Араслан понял, к кому он попал. Эх, был бы постарше, показал бы он, что такое бокс. Узнал бы тогда староста, кто такие коммунисты!
— Отца нет, — тихо, первый раз в жизни соврал Араслан.
Старуха одобрительно посмотрела в его сторону: осталась довольна ответом.
— Надо пасти коров, — сказал староста. — Пока у меня их шесть. Но будет больше. Вчера вон такой же бродяга, как ты, привел ко мне еще одну корову.
Араслан обиделся было за «бродягу», но вовремя сдержался.
— А ну пошли! — приказал Мирон.
Араслан вслед за старостой вышел во двор. Довольная старуха поклонилась старосте в пояс и побрела домой.
— Звать-то как? — буркнул Мирон.
— Араслан.
— Что-о?
— Араслан.
— A-а! По-моему, хоть черт! — загоготал староста. Он открыл дверь сарая, вывел корову.
— Веди ее в лес, на поляну. Там еще один пастух с моими коровами.
— Хас! Ну, пошла, ленивица! — Староста ударил корову палкой по спине. Корова остановилась и ни с места, не идет, и все тут.
— А ты что стоишь столбом? — набросился староста на Араслана. — Не выйдет из тебя пастуха! А ну, пошли! — Он еще раз хлестнул корову палкой.

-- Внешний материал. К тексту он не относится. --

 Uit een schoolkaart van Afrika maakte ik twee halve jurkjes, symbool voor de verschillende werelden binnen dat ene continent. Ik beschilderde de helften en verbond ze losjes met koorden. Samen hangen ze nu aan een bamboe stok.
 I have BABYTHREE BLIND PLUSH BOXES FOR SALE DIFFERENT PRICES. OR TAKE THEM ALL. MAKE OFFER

Корова подпрыгнула, больно наступила на ногу мальчика. Будто кипятком обожгло ступню.
— Хас! Хас! — кричал староста, подгоняя корову.
Вот и лес. Он совсем рядом. Между редкими деревьями показалась полянка.

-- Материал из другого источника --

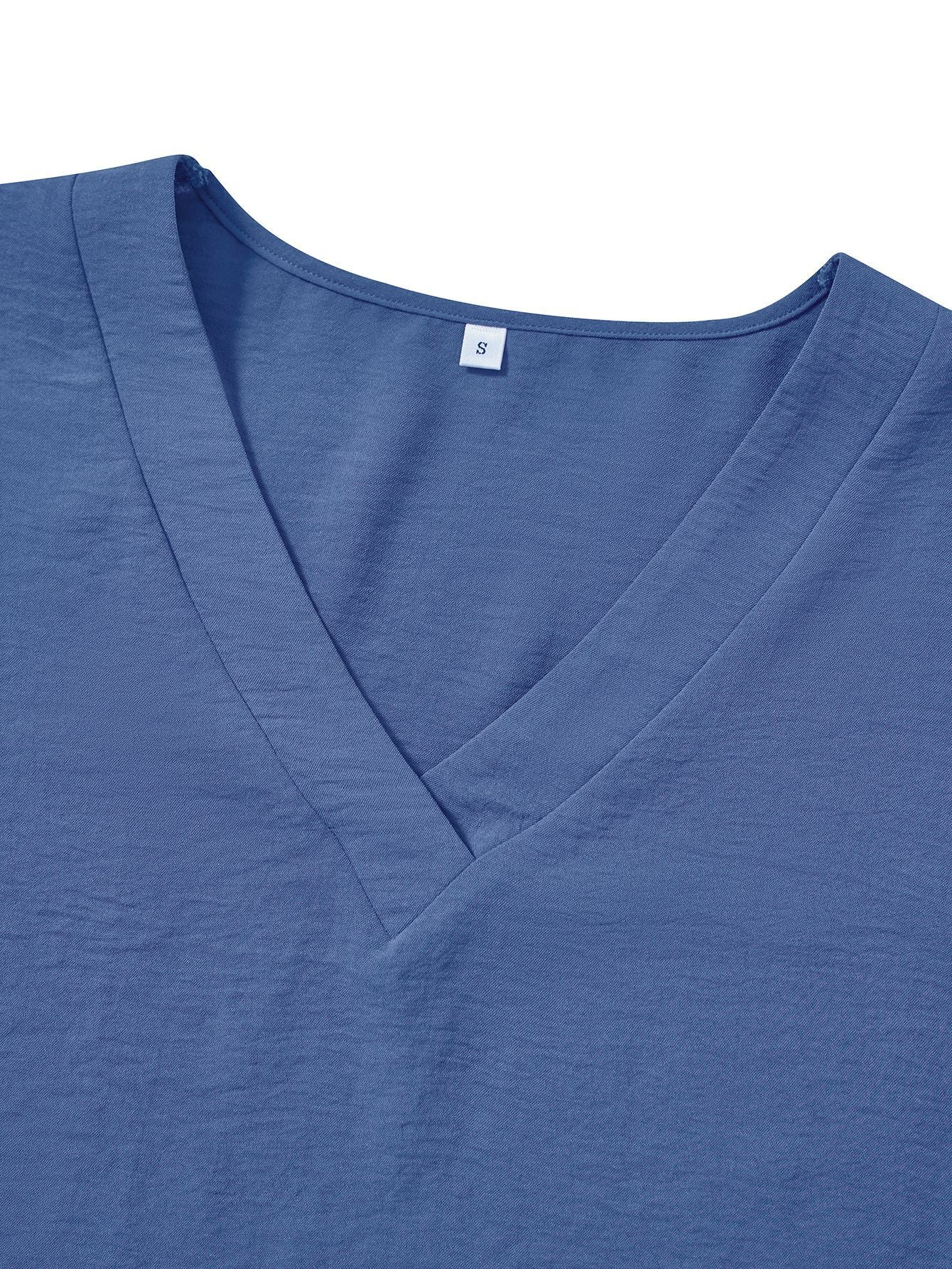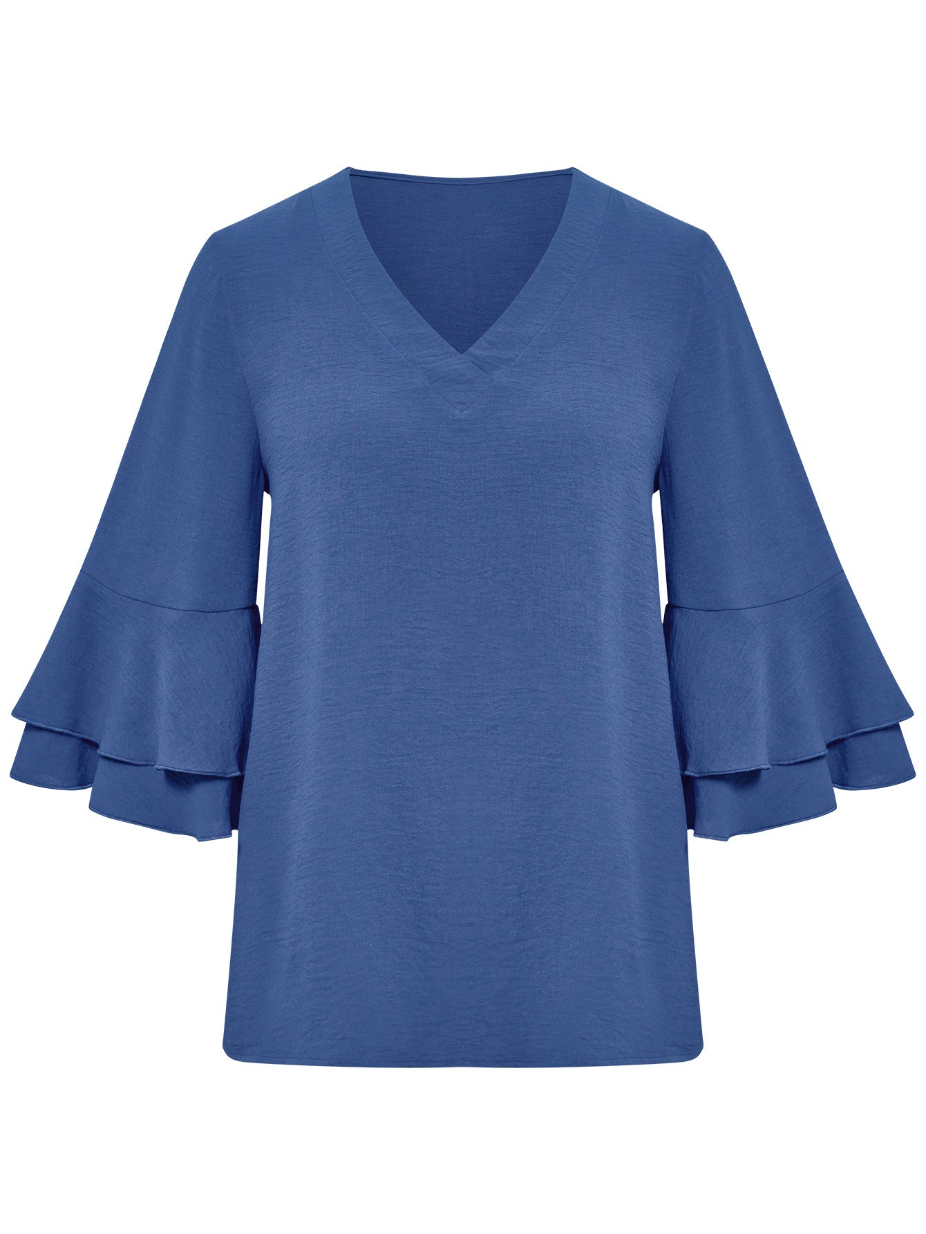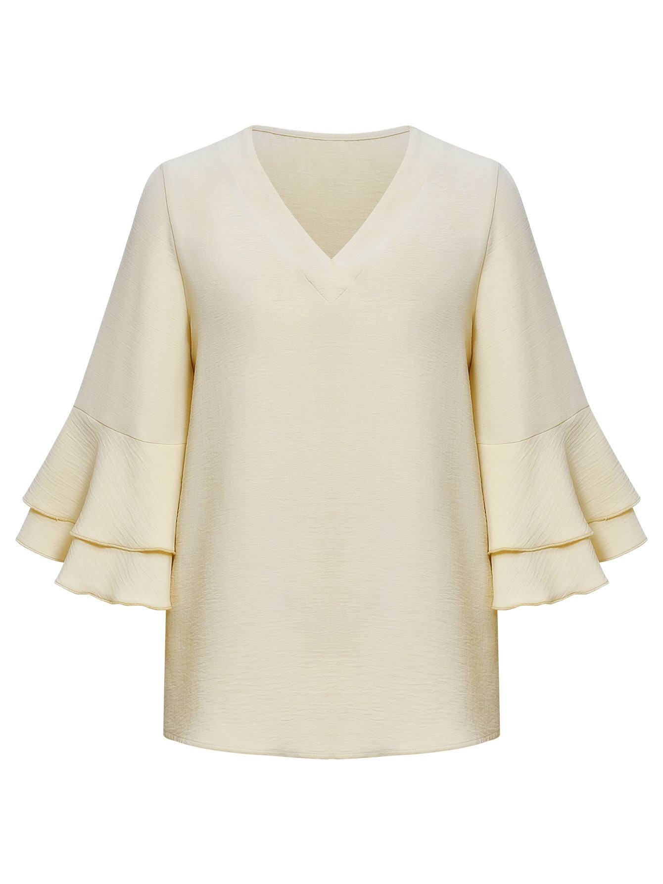 Solid Color Loose V-neck Ruffle Top Women's Clothing

— Мишка! — заорал Мирон. — Принимай помощника!
Мирон остался на опушке леса. Корова поплелась к стаду, а Араслан бросился к другу:
— Мишка! Как же ты здесь очутился?
Мишка чуть не плакал от радости, рассказывал:
— Побежал вас искать, заблудился, долго ходил по лесу, пока сюда не попал. По дороге корову нашел — небось от стада отбилась. Вот с ней и попал к старосте.

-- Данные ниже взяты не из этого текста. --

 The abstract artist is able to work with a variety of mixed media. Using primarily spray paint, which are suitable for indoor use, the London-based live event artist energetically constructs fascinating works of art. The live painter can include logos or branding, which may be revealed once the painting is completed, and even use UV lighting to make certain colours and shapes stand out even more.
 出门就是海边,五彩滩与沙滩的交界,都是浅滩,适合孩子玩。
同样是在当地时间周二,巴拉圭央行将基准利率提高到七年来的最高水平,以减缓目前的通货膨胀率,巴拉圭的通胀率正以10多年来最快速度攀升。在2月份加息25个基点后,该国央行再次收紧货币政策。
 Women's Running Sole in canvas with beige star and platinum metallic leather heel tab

…Мирон равнодушно посмотрел на мальчиков, потом, не оборачиваясь, зашагал в сторону хутора. «Та-а-ак!» — промолвил он глубокомысленно и, не заходя домой, направился к бабке.
— Значит, беженцы, — говорил он, многозначительно поглядывая на мать. — Знаем, знаем, много вас таких сейчас по дорогам шастает. Ну, что, живите пока, погляжу, как будете вести себя. — Он пронзительно взглянул на Иру: — А дочка — красавица. Сколько же тебе лет? Семнадцать-восемнадцать? Кстати, наш поп ищет девушек для церковного хора. Хочешь, поговорю с ним?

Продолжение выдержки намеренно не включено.